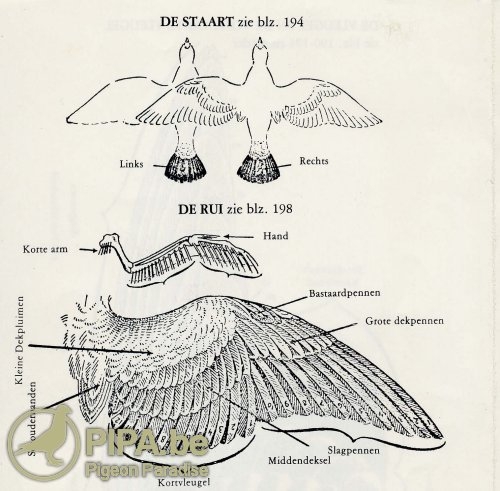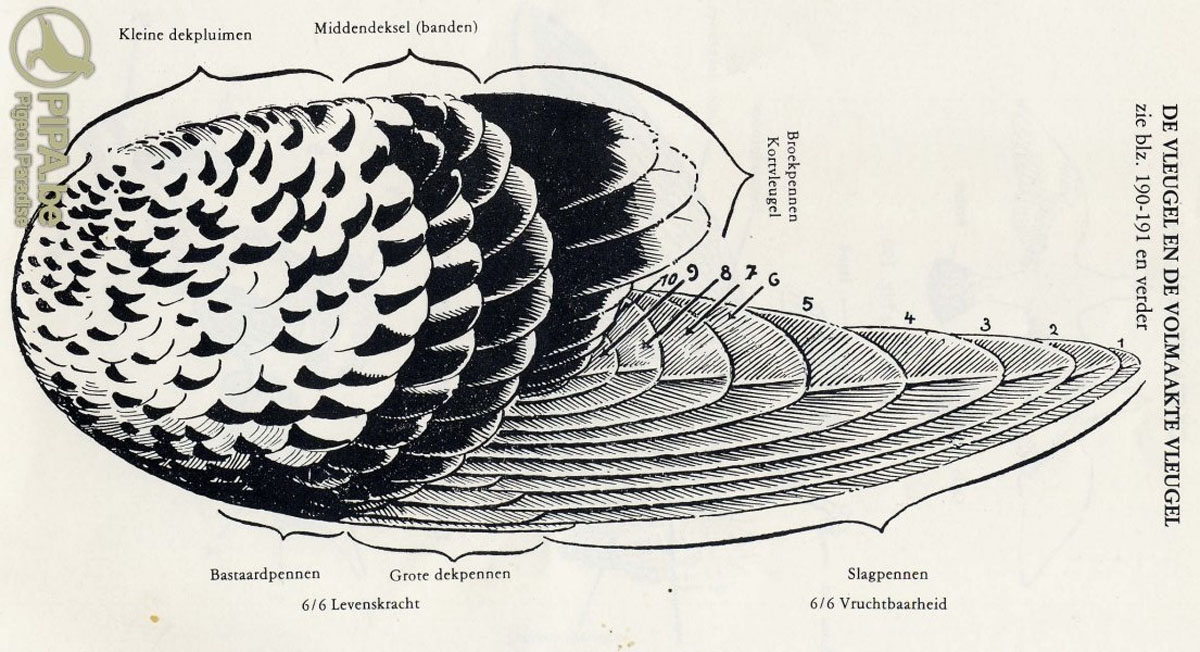Úvod · Články o poštových holuboch · Ostatné · Preperovanie pre úspešné pretekyPreperovanie pre úspešné pretekyAk chcete, aby sa holubom počas celej sezóny darilo na pretekoch, kvalitné preperenie je kľúčovým prvkom nielen pre ich úspechy, ale aj pre celkovú vitalitu a plodnosť. Perie, ktoré by sa malo meniť každý rok zahŕňa operenie hlavy a krku, krycie perie, pokrytie krídiel, operenie nôh, perie čiernych pásikov na krídlach, 10 primárnych letiek, 12 sekundárnych letiek a perie pokrývajúce kostrč a chvost. Drobné perie na tele holuba sa mení prakticky po celý rok, záleží to na zdravotnom stave a kondícii daného holuba a tiež jeho výžive. Proces jeho výmeny sa považuje za kompletný po dvoch rokoch. Znaky kvalitného prepereniaHlava a krk Perie na hlave, okolo uší a na krku by po namočení nemalo pripomínať výzor vlasov, perie by malo pôsobiť načechrane - páperovito. Výzor peria hlavy a krku pripomínajúci vlasy hovorí o slabosti hlavy holuba, pravdepodobne spôsobenej prechladnutím. Krídlo ![]() Malé krycie perie Na nových krycích pierkach krídiel by nemali byť žiadne uzlíky, výrastky alebo zúžené časti na brkách. To platí aj pre pierka čiernych pásikov a primárne letky, pri ktorých je navyše dôležitá aj správna dĺžka. Primárne letky Na perách ani brkách primárnych letiek by sa nemali vyskytovať žiadne zúženiny, trhliny, či uzlíky. Nemali by byť "zubaté". To znamená, že pri rozprestrení krídla by koncové body primárnych letiek mali tvoriť líniu podobnú čepeli noža bez zúbkov. Každá primárna letka by mala mať plnú dĺžku a na konci prvého roka by mal počet nových primárnych letiek zodpovedať mesiacu vyliahnutia holuba. Ak sa holub vyliahol v piatom, šiestom, či siedmom mesiaci, mal by v tom roku vymeniť primárne letky aspoň po číslo svojho mesiaca. Len vtedy sa dá hovoriť o dobrom preperení. Ak holub nevyhodí primárne letky s číslom 5, 6, 7, 8 či 9 (podľa mesiaca vyliahnutia), alebo ak sa skracuje dĺžka medzi koncami nových primárnych letiek, holub v nasledujúcej sezóne nedokáže podať svoj maximálny výkon. Stáva sa to obvykle holubom, o ktoré nebolo počas pretekovej sezóny dobre postarané, alebo ak sa chovateľovi nepodarilo udržať dobrý zdravotný stav. Poznámka č.1: Niekedy sa stáva, že holubom narastie prvých 9 primárnych letiek s plnou dĺžkou a desiata (číslo 1 zvonku) je o 2 mm kratšia, alebo rovnaká ako predposledná. Ak sa tak stane, mali by ste skontrolovať, či je predposledná letka stále na svojej maximálnej dĺžke (1,5 - 2 cm od konca chvosta) Poznámka č.2: častejšia býva opačná situácia. V takom prípade je primárna letka č.1 (vonkajšia) dlhšia ako predposledná (č.2), alebo minimálne rovnakej dĺžky. V takom prípade je pravdepodobné, že ostatné primárne letky vyrástli o 1 - 2 cm kratšie, ako mali. Stáva sa to holubom, ktoré žijú v nevhodných podmienkach a výsledkom je, že sa nehodia na preteky ani chov. Čo ak holub nestihne vymeniť všetky primárne letky ani do druhého jarného hniezdenia? Ak holub nevymení všetky primárne letky do druhého hniezdenia, vymeňte vajíčka za umelé. Ak ste to nestihli alebo ste si všimli príliš neskoro, vezmite od holuba mláďatá vo veku 8 - 10 dní. Holub by mal byť umiestnený do izolácie a mali by ste sledovať jeho zdravotný stav. Ak holub trpí nejakou chorobou, tá sa počas odchovu mláďat zvykne prejaviť zápalom v hrdle. Ak uvidíte v hrdle holuba hlien, zahájte kroky pre identifikáciu a liečbu ochorenia. Nikdy holubom nevyťahujte primárne letky Ak holub nestihne načas vymeniť všetky primárne letky, nikdy by ste ho nemali nútiť k preperovaniu vyťahovaním letiek. Ak sa preperovanie zastaví, zjavne je to príznakom nejakého nedostatku, alebo choroby ovplyvňujúcej obeh krvi, ktorú treba identifikovať a ošetriť. Výsledkom je nedostatok prostriedkov pre obnovenie peria. Ak sa budete držať tejto rady, dopracujete sa k výsledkom. Poznámka: ak si holub zlomí alebo poškodí jednu, či viac letiek pri nehode, môžete ich vytiahnuť za predpokladu, že bude o holuba dobre postarané. Takýto zákrok však odporúčame iba v mesiacoch marec a apríl. Sekundárne letky Zadná časť krídla pozostáva z dvanástich letiek, ktoré sa čiastočne obnovujú každý rok. Sekundárne letky by sa mali kompletne obnoviť do tretieho roka života za predpokladu, že je holub zdravý. Holuby v dobrom zdravotnom stave to obvykle stihnú už do dvoch rokov. Pre zdravého mladého holuba vyliahnutého pred mesiacom jún by preperovanie sekundárnych letiek malo prebiehať približne takto: - 1. rok: 8 letiek, 5 zo strany tela (12, 11, 10, 9 a 8) a tri zo strany primárnych letiek (1, 2 a 3) - 2. rok: 1 letka zo strany tela, 1 letka zo strany krídla (7 a 4) - 3. rok: po jednej z každej strany (6 a 5) Prvý rok je veľmi dôležitý. Počas prvých troch rokov musí byť tých 8 nových letiek plne funkčných. Päť z nich (zo strany tela) slúžia ako ochrana tela - chrbta a kostrče. Ak sa mladému holubovi podarí v prvom roku vymeniť 8 sekundárnych letiek (5 + 3), hovorí to o jeho dobrom zdravotnom stave a dobrom priebehu preperovania. Zadné krídlo dosiahne plnú dĺžku, ak majú konce sekundárnych letiek pri zatvorenom krídle vzdialenosť približne 1 - 1,5 cm od druhého pásika. Mali by mať rovnakú farbu, ako telo holuba bez rozdielu vo farbách holubov. ![]() Krídlo dospelého holubaVýmena primárnych letiek začína desiatou letkou (prvou z vnútornej strany krídla, najbližšie k sekundárnym letkám). Za približne 4 týždne by mala vypadnúť deviata letka. Keď deviata letka dorastie približne do polovice sĺžky, preperovanie pokračuje ôsmou letkou a tak to platí aj pre ďalšie. Výmena primárnych letiek úzko súvisí s celkovým zdravotným stavom, kondíciou holuba a s
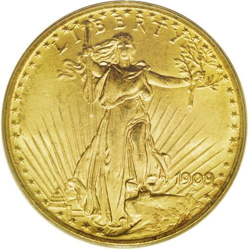 <B>1909/8 $20 MS63 PCGS.</B></I> The 1909/8 enjoys the distinction of being one of just two overdated gold coins produced in the 20th century. While fairly numerous in the various AU grades, Select or finer pieces are scarce and highly sought out by collectors. This satin-like representative is moderately abraded and generates considerable appeal from subtle orange accents.<BR><BR><b>Shipping:</b> Coin/Currency (<a target="_blank" href="http://www.heritageauctions.com/common/shipping.php">view shipping information</a>)
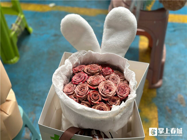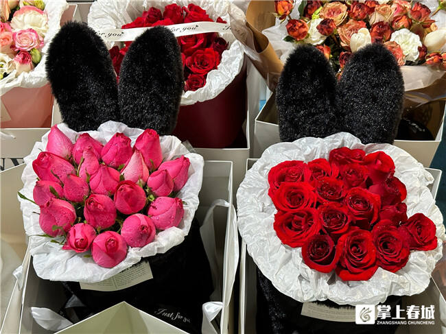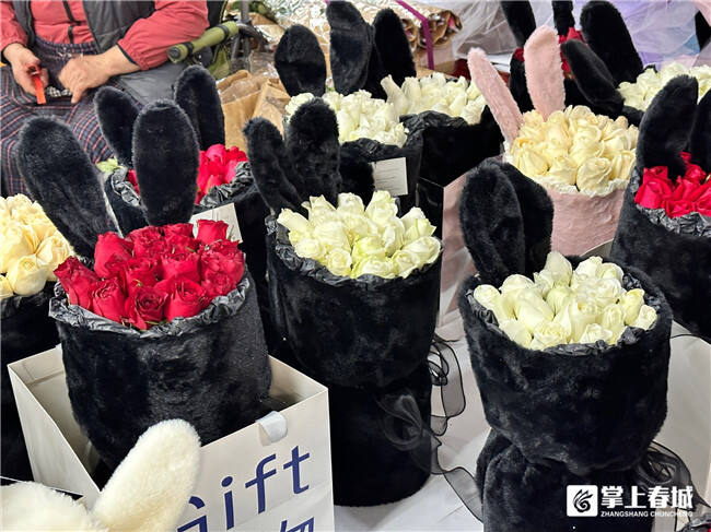 “新推出的兔子样式的造型花束,是我们店卖的最好的。”商户李先生介绍,由于今年是兔年,造型软萌的“兔子花束”很火爆,店里一束19朵玫瑰的“兔子花束”价格为148元。

▶ **Prompt**:
Return exactly the lines starting at the line with "<B>1909/8 $20 MS63" and ending at the last line of the listing, both ends included; pictures are to be left out.

▶ **Response area**:
 <B>1909/8 $20 MS63 PCGS.</B></I> The 1909/8 enjoys the distinction of being one of just two overdated gold coins produced in the 20th century. While fairly numerous in the various AU grades, Select or finer pieces are scarce and highly sought out by collectors. This satin-like representative is moderately abraded and generates considerable appeal from subtle orange accents.<BR><BR><b>Shipping:</b> Coin/Currency (<a target="_blank" href="http://www.heritageauctions.com/common/shipping.php">view shipping information</a>)
 “新推出的兔子样式的造型花束,是我们店卖的最好的。”商户李先生介绍,由于今年是兔年,造型软萌的“兔子花束”很火爆,店里一束19朵玫瑰的“兔子花束”价格为148元。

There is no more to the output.